Something has been going on since I've started working here that I've never related to anyone. It is one of those things that is just too weird to talk about without sounding insane. I'm going to make the attempt this morning, but don't say I didn't warn you, 'cause I did.

On my third day with this company, I was in the cafeteria and saw a fold-out card table with a cheap glass bowl on it. The bowl had a post-it note in the bottom that read "Do Not Remove" in bright orange letters. Neither the bowl nor the table were particularly remarkable; they could very likely each be purchased from Target or Walmart for under ten bucks each. I thought it was mildly humorous at the time, but I'd just started a new job and had more pressing matters on my mind.

So now, almost four years later, I go to that cafeteria and order breakfast. The bowl is still there, the table is still there. Nothing in the bowl besides the post-it note, nothing on the card table besides the bowl, and as far as I know they've always been that way. It's not like they're putting loose change or napkins or anything in the bowl, either. They've been there every day for the last four years and no one has touched them. I finally got up the nerve today to ask the cash register lady what the bowl was there for. The one I asked didn't speak english well enough to answer me, but the one behind her piped up quickly enough. Her response was essentially that she didn't know, and no one she worked with knew either. It has always just been there.

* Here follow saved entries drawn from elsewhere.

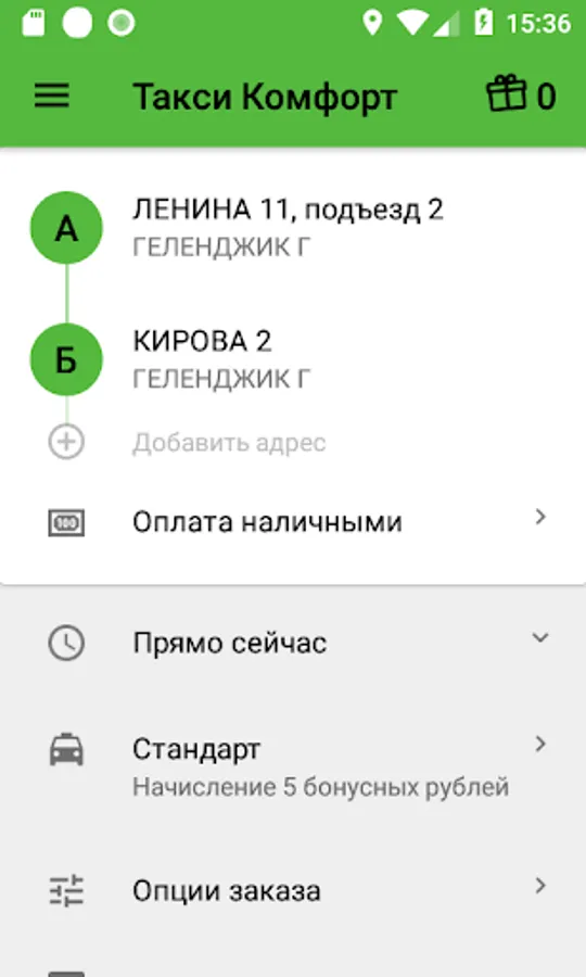 Application for ordering a taxi "Comfort" in the city of Gelendzhik!
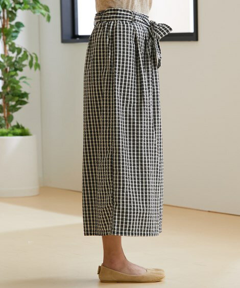 他のサイズは以下をご覧ください M/L はこちら共布リボン付ワイドパンツ ニッセン nissen ブルーストライプ 黒系チェック ネイビー カラー ブルーストライプ/黒系チェック/ネイビー サイズ LL 素材 品質=綿100% ウエスト後ゴム入 ポケット両脇 共布リボンは取り外しできます。
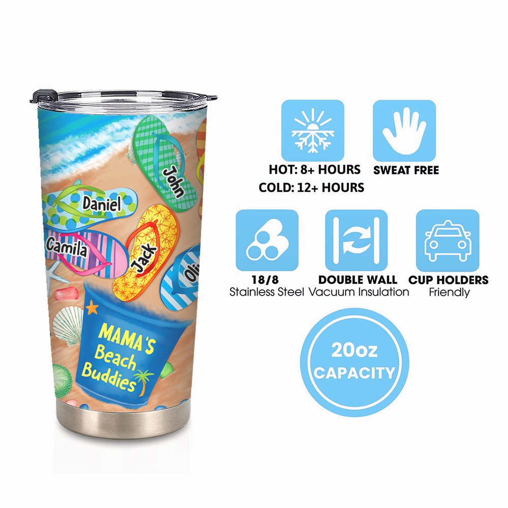 Imagine a tumbler with your loved one's name on the slippers. This adorable feature allows you to Personalise the gift with 1-8 names and slippers, celebrating your unique family bonds. It's a delightful way to add a fun element to every beach day.
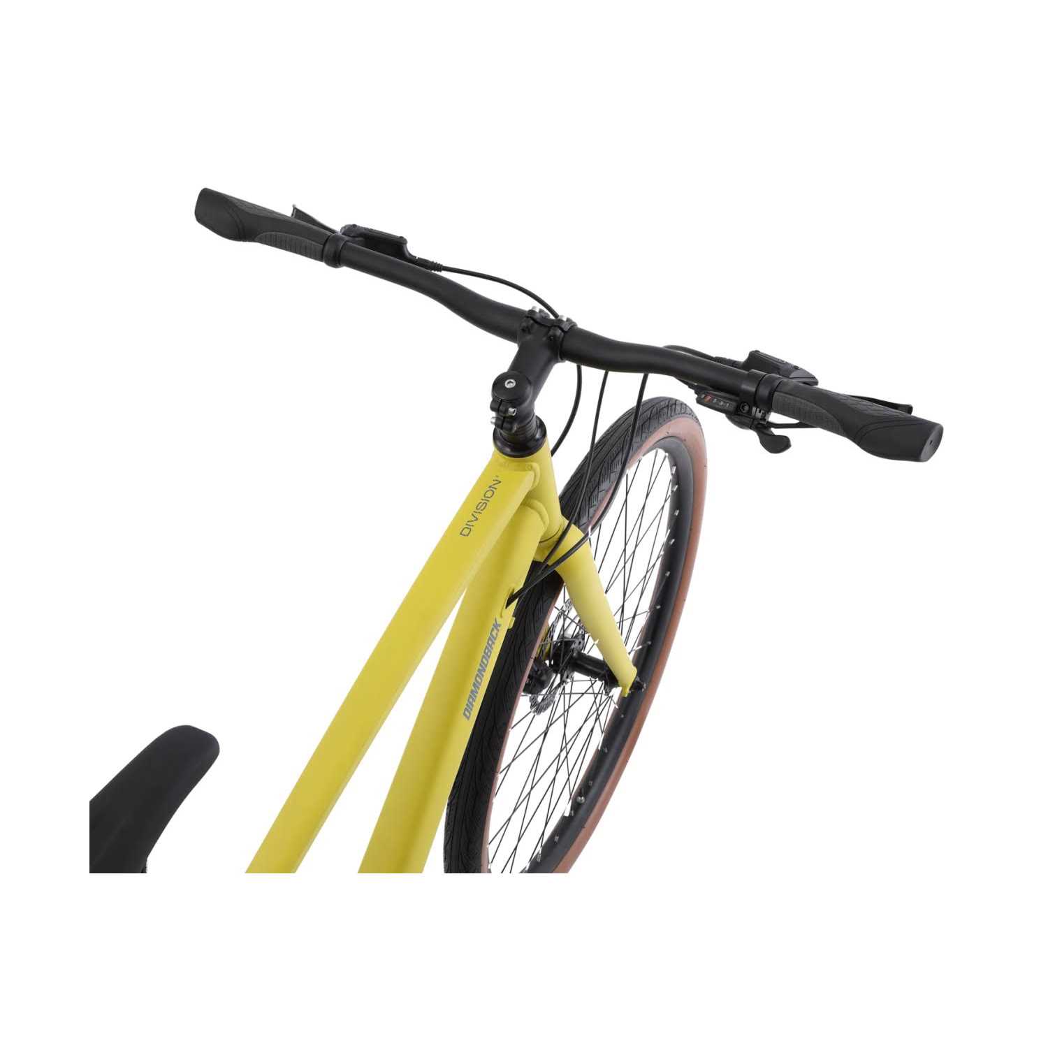 Get down in the city with the 2022 Diamondback Division 2 Hybrid Bike Ready to commute meet friends for a beer or ride home from a show the Division 2 is up for the challenges of street riding. There is no such thing as a predictable surface when it comes to riding in the city. You encounter countless obstacles from potholes and manhole covers to train tracks curbs grates and everything in between. The Division 2 is the bike that can handle it all. Nimble like a mountain bike but made for the street this best-selling bike is the ultimate multiuse machine. Plus its fast and clean. Designed with a lightweight aluminum frame and fork the Division 2 is light enough to lift up steep stairs to an apartment but durable enough for hardcore city use. You get 9 speeds a larger diameter handlebar and hydraulic disc brakes for optimal stopping power. This bike is smooth-shifting and low-maintenance with the ultimate braking power in wet and dirty conditions. Big all-terrain tires roll over almost anything in their path. Take your mountain bike skills to the street in this do-it-all ride.
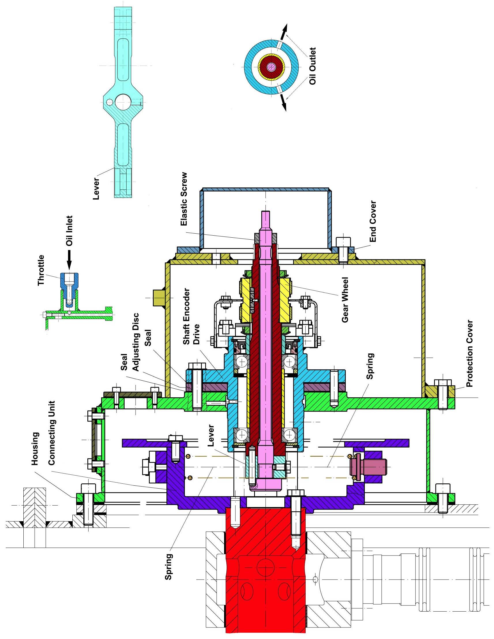 Рисунок 2.27 - пусковой клапан: 1-крышка 2 - Кольцо, 3 - Поршень, 4 - Кожух, 5 - Компрессионная пружина 6 - Шток клапана, 7 - Крышка цилиндра, 8 - 5/2-клапан с электромагнитным управлением, AL - Пусковое воздуха, EB - С ' Соединительный отверстие, P1-P3 - Воздушное пространство, SL - Подключение рабочего воздуха от системы труб пускового воздуха Датчики угла поворота коленчатого вала. Без прямой механической трансмиссии углу поворота коленчатого вала до контрольных элементов для впрыска топлива и выпускных клапанов необходимо измерять действительный угол поворота коленчатого вала электрическим путем. Датчики угла поворота коленчатого вала для WECS-9500 имеют абсолютную точность углу, поэтому точная величина угла поворота коленчатого вала предоставляется мгновенно после поставки питания (без необходимости запуска угловых датчиков до момента появления свободного выхода). Два таких угловых датчики подключаются при помощи зубчатых ремней в специальный вала двигателя. Такое использование предотвращает трансмиссии аксиальных и радиальных перемещений коленчатого вала до датчиков. В конце один из датчиков должен работать. Если один не работает, WECS-9500 может обнаружить неполадку, работа будет продолжаться с сигналом безопасности (проверка вероятности). В случае повреждения обоих датчиков, двигатель остановится без задержки. Работа в экстренных случаях невозможна без как минимум одного датчика угла поворота коленчатого вала! Они отделены от коленчатого вала специальным сцеплением. Они создают точный цифровой сигнал действительного положения коленчатого вала (0.... 360 °). Датчик угла поворота коленчатого вала имеет резолюцию 0.1 Пружинная муфта амортизирует все вертикальное и горизонтальное перемещение коленчатого вала. Она активирует вал поддерживается двумя шариковых подшипников. Подшипники смазываются смазкой на масляной основе. От вала зубчатый ремень активирует каждый датчик. Каждый датчик трансформирует данные углу от оптического кодирующего диска в битовую конструкцию. Модули ГМК считывают эти битовые конструкции от шины SSI (Синхронная серийная шина интерфейса). Датчики угла поворота (рисунок 2.28) коленчатого вала (или кодирующий датчик положения вала) поставляют сведения и импульсы синхронизации в контрольных модулей цилиндра (КМЦ) через коммуникационную шину SSI. Сигналы от двух датчиков угла поворота коленчатого вала проверяют ошибки с помощью КМЦ. Каждый КМЦ сам по себе выбирает один из датчиков как точного измерителя сигнала коленчатого вала. Этот сигнал используется для определения угла поворота коленчатого вала, скорости двигателя, определения направления вращения двигателя, а также для обработки сигнала ВМТ. КМЦ1 или КМЦ2 избираются как точный измеритель такта CYL-EU, а также для снабжения тактового пульса для синхронизации кодирующего устройства и других КМЦ. Вал двигателя и ремни к датчикам угла поворота коленчатого вала контролируется с целью выявления сползания. Сигналы углА поворота коленчатого вала сравниваются с пульсовым сигналом ВМТ (верхняя мертвая точка) для блока цилиндра # 1 для подбора махового колеса. Пульс ВМТ поставляется в КМЦ # 1, который осуществляет проверку ли этот пульс сигнала углу поворота коленчатого вала. Если эта разница очень большая, подается сигнал тревоги или отключения WECS-9500 (в зависимости от уг
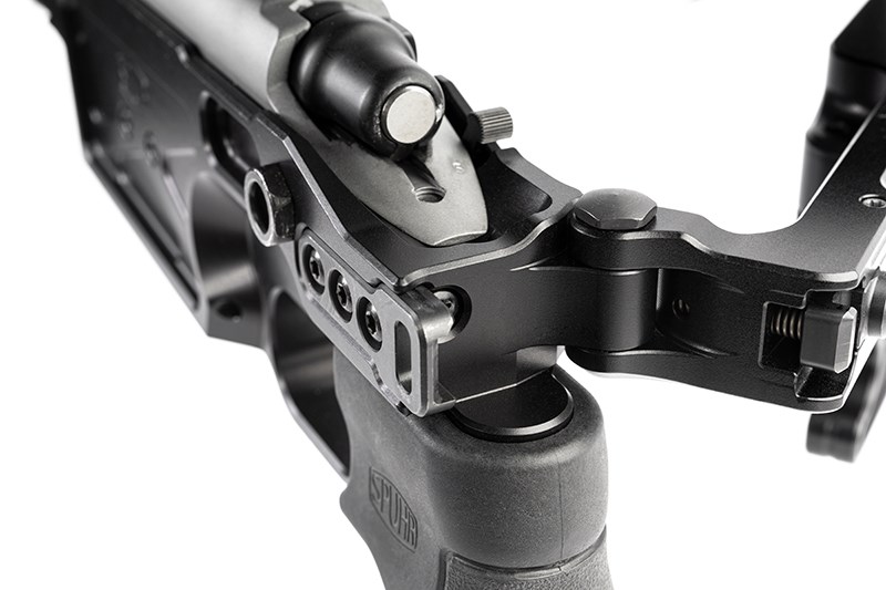 Framstocken är 16" och har Spuhr® Interface längs med alla fyra sidor för den som vill montera interna/externa vikter eller andra tillbehör.
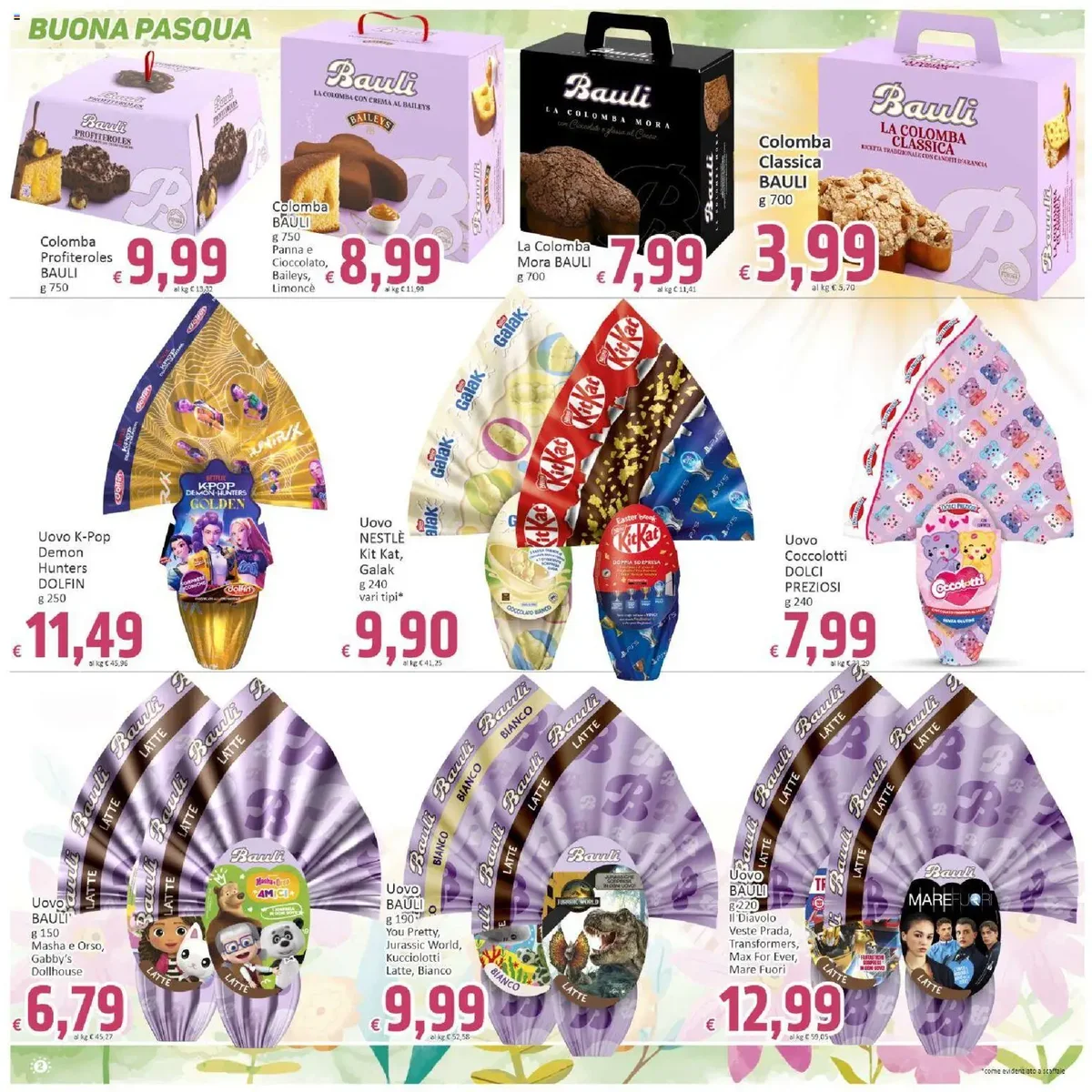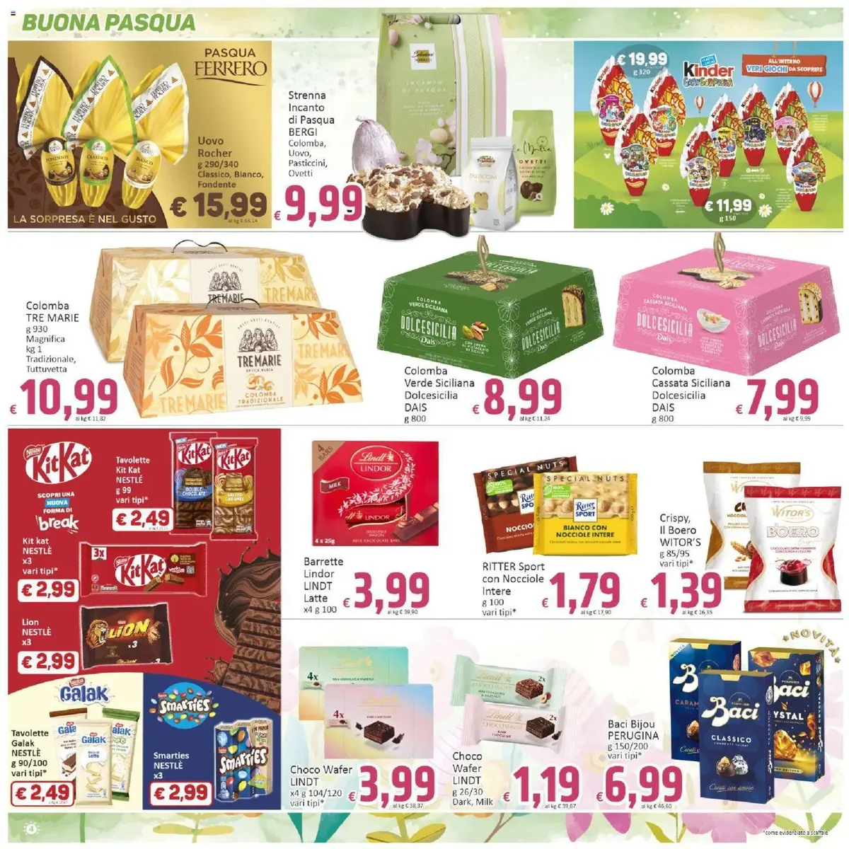 Tra le proposte più allettanti, spiccano le offerte dedicate alla Pasqua, con una vasta scelta di uova e colombe. Troverai l'Uovo Le Specialità PERUGINA da 245g a soli €7,99, o l'Uovo NESTLÉ Kit Kat o Galak da 240g a €9,90. Non mancano le colombe, come la Colomba Classica BAULI da 700g a €3,99, o la Colomba Profiteroles BAULI da 750g a €9,99. Per la tua dispensa, non perdere l'Olio Extra Vergine di Oliva PANTALEO da 1 litro a €4,99, la Pasta POIATTI da 1 kg a soli €0,95 e la Mozzarella SANTA LUCIA 3x100g a €1,79. La Birra PERONI Nastro Azzurro 6x62cl è disponibile a €4,98. Per la casa, la LASAGNERA ALTA IN ALLUMINIO, CM. 35X27X6 a €3,99.
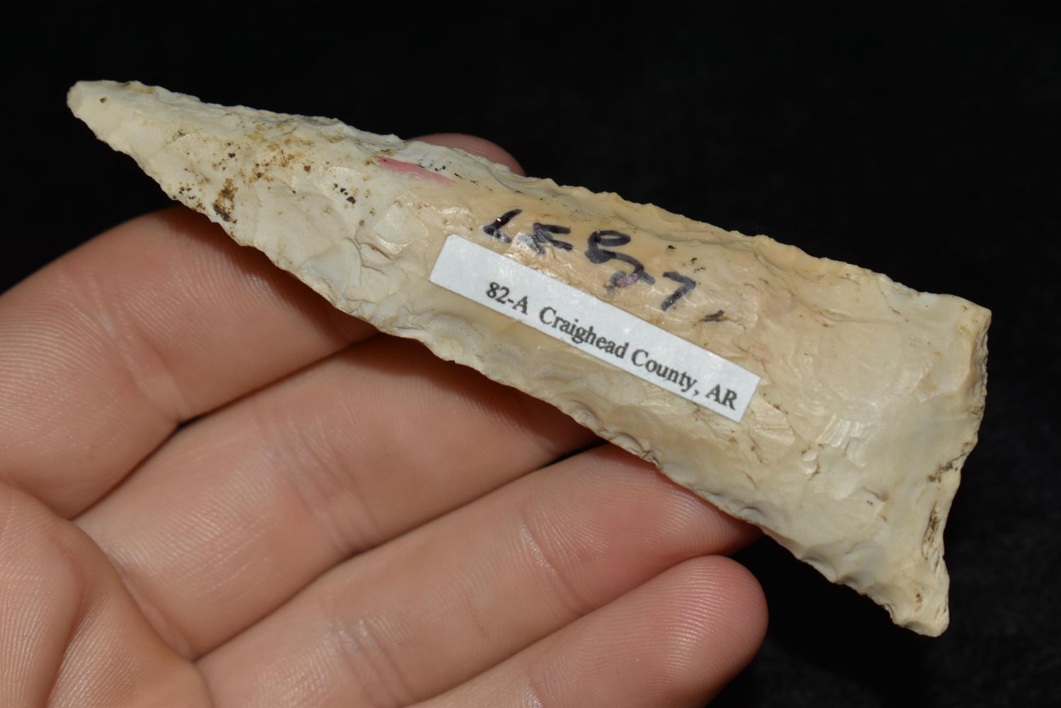 3 3/4" DALTON FROM CRAIGHEAD COUNTY ARKANSAS, EX DUB LYERLY, INDIAN ARROWHEAD, ARTIFACT
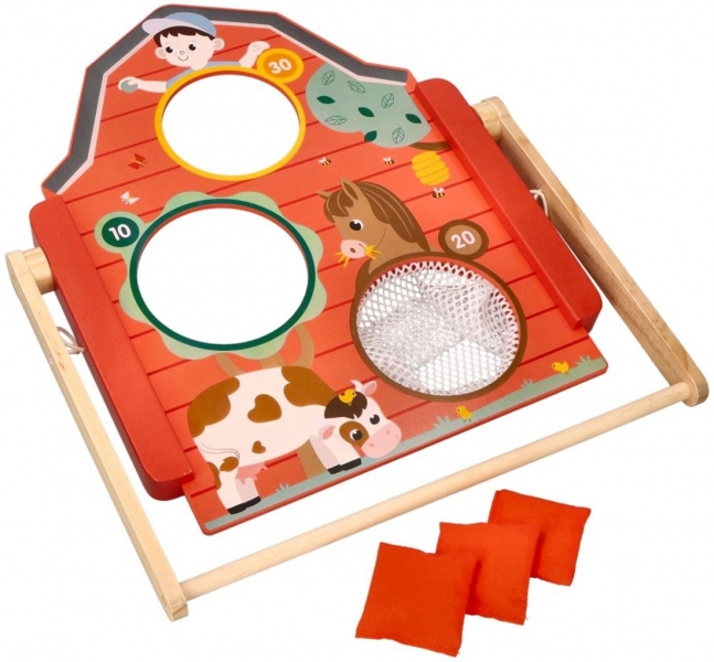 Pohybové a dovednostní hry jsou skvělým řešením, jak povzbudit děti k fyzické aktivitě. Tím, že děti povzbuzujeme ke hře a pohybu, vedeme k jejich zdravému rozvoji a práci na jejich motorice. Nespornou výhodou této hry je, že ji lze používat jak doma, tak venku. Dřevěné prkénko s motivem hospodářských zvířat děti jistě osloví a podpoří přesné hody.
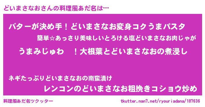 | 男性向けラノベタイトル風あだ名 | 『うちの娘の為ならば、俺はもしかしたらどいまさなおも倒せるかもしれない。』 |
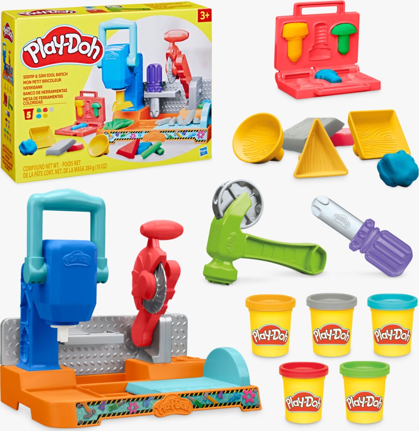 Play-Doh Værktøjsbænken er et helt fantasiværksted i én kasse! Børn kan lege træbearbejdning med det indbyggede stempler og rundsaven, plus ekstra Play-Doh-værktøjer. De medfølgende 56 grams...
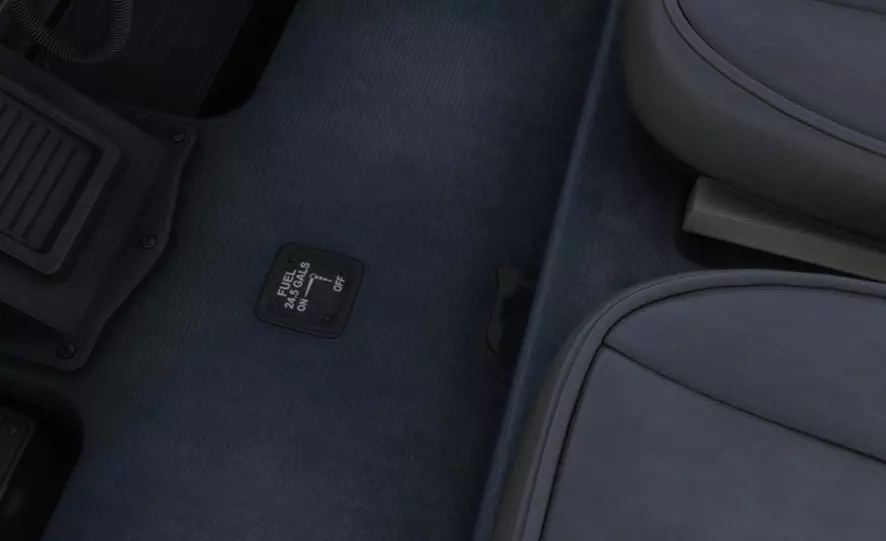 驾驶舱地板上座椅之间的区域 1:燃油选择阀——控制决定燃油能否进入发动机的阀门。当设置为关闭位置(手柄指向上方)时,燃油从油箱流向发动机的通路被切断。设置为开启时,燃油可流向发动机并进行燃烧。发动机启动前需将其设为开启,正常情况下,在飞行结束关闭飞机前不会再触碰此阀门。

Now I'm seriously freaked out. I walk over to the table to get a good look at this thing and I notice there is no dust on it. Not on the table, not on the bowl, not on the post-it note in the bowl.

What could it mean? Is it repelling dust? Probably not; the simple answer is that someone comes along and cleans the thing every night. But why? What's it doing there? More importantly, why can't it be removed? What's so damn important about this bowl? Is it marking one of the laylines of the universe? Would our world--indeed, perhaps even all worlds--be endangered by someone removing that glass bowl from that cheap fold-out card table?

I actually found myself frightened to touch it. My imagination was running away with me by this point, and it was causing me very real terror. I thought, "What if something happens? What if, say, someone knocks into the table and the bowl falls off? What will become of us?"

My rational mind clicked back into place a moment later, I chided myself for being silly, and walked to my office, leaving the bowl right where it was. I'm not afraid to move it; I know that if I do, what I will find is a ring of dust and perhaps an impression left in the soft surface of the card table. I just would rather not. That bowl's got a long history of sitting right where it's at, fueled by nothing more than the willingness of others to obey written instructions.

I'll be damned if I'll be the one to spoil it.